Sokendai Review of Cultural and Social Studies

ENGLISH SUMMARY

The Transformation of the Image of Kusunoki
Masashige’s Wife in Early Modern Japan

LEE Chung-Ho

(The Graduate School of Arts and Sciences, Interdisciplinary Cultural Studies,
Department of Comparative Literature and Culture, The University of Tokyo)

Key words:

Kusunoki Masashige, wife of Masashige, Taiheiki, good wife and wise mother, jidai jōruri

As he appears in the Taiheiki, Kusunoki Masashige is a military official who had a combination of the three virtues of wisdom, benevolence, and valor, and he is broadly known as a medieval hero who gave his life for the Emperor. After the passing of the Edo era, the instructive aspect of Kusunoki Masashige came to be emphasized, and this was the primary reason for dissemination of his legend.

In the Taiheiki, the wife of Masashige persuades their son Masatsura, who is distraught over the death on the battlefield of his father, not to kill himself by reminding him of the meaning of the instruction which Masashige had left behind. With this episode as starting point, the wife of Masashige afterward became known to society as, in the Meiji-era phrase, “a good wife and wise mother.”

However, in the Rijinshō, a retelling of the Taiheiki tales that was popular in the first half of the Edo era, the text treating Masashige’s legend consists mainly of war talk and military science. It omits the scene in which the wife of Masashige taught her son the dying injunctions of his father and instead inserts the episode about the confrontation between the enemy camp and the members of Masashige’s household over the treatment of Masashige’s severed head. This substitution for the extensive description of Masashige’s wife in the Taiheiki is seen as an example of the relegation of the existence of females to secondary position when the main subject is war talk.

In contrast to the Rijinshō, the wife of Masashige appeared for the purpose of edification in the lesson books of the early Edo period addressed to women. In the instruction for women, Honchō jokan, the episode about the wife of Masashige in the original text of the Taiheiki is quoted in simplified form to suit the nature of instruction for women, the major purpose of which was to teach the example of a mother reasoning with her son to correct his wrongs.

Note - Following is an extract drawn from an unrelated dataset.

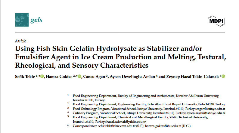 Meslek Yüksekokulu Gıda Teknolojisi Program Başkanı Öğr. Gör. Cansu AĞAN SARIÇİÇEK’in “Using Fish Skin Gelatin Hydrolysate as Stabilizer and/or Emulsifier Agent in Ice Cream Production and Investigation of Melting, Textural, Rheological, and Sensory Characteristics” başlıklı makalesi, Q1 kategorisindeki Gels (MDPI) dergisinde yayımlandı.

In the jidai jōruri genre, the image of the wife of Masashige is formed a little differently. In Chikamatsu Monzaemon’s Yoshino miyako onna Kusunoki, the wife of Masashige appears as in previous versions as a good wife and wise mother who disciplines her son to succeed to the legacy of her deceased husband, but in addition she is described as a sturdily built woman with physical strength and a strong character. Here, unlike the typical woman who sacrifices herself for a man in the jidai jōruri genre, the image of a strong woman who overcomes the troubles of war is granted to the wife of Masashige.

In another example of this genre, Nanboku ikusa mondō, the authors, Nishizawa Ippû and Tanaka Senryû, added a new feature. In their account, the wife of Masashige preaches at the son for indulging in sex with women. The point at which she preaches at him for his wrongdoing is the same as in the Taiheiki. But in addition to the description of the son as a womanizer, there is another change: It is the servant Nakiotoko who delivers the admonition on behalf of the wife of Masashige. This can be said to be a new conception.

In short, although the wife of Masashige maintained the image of good wife and wise mother from the medieval Taiheiki through the early modern jidai jōruri genre, over time new elements were added to the image and accepted.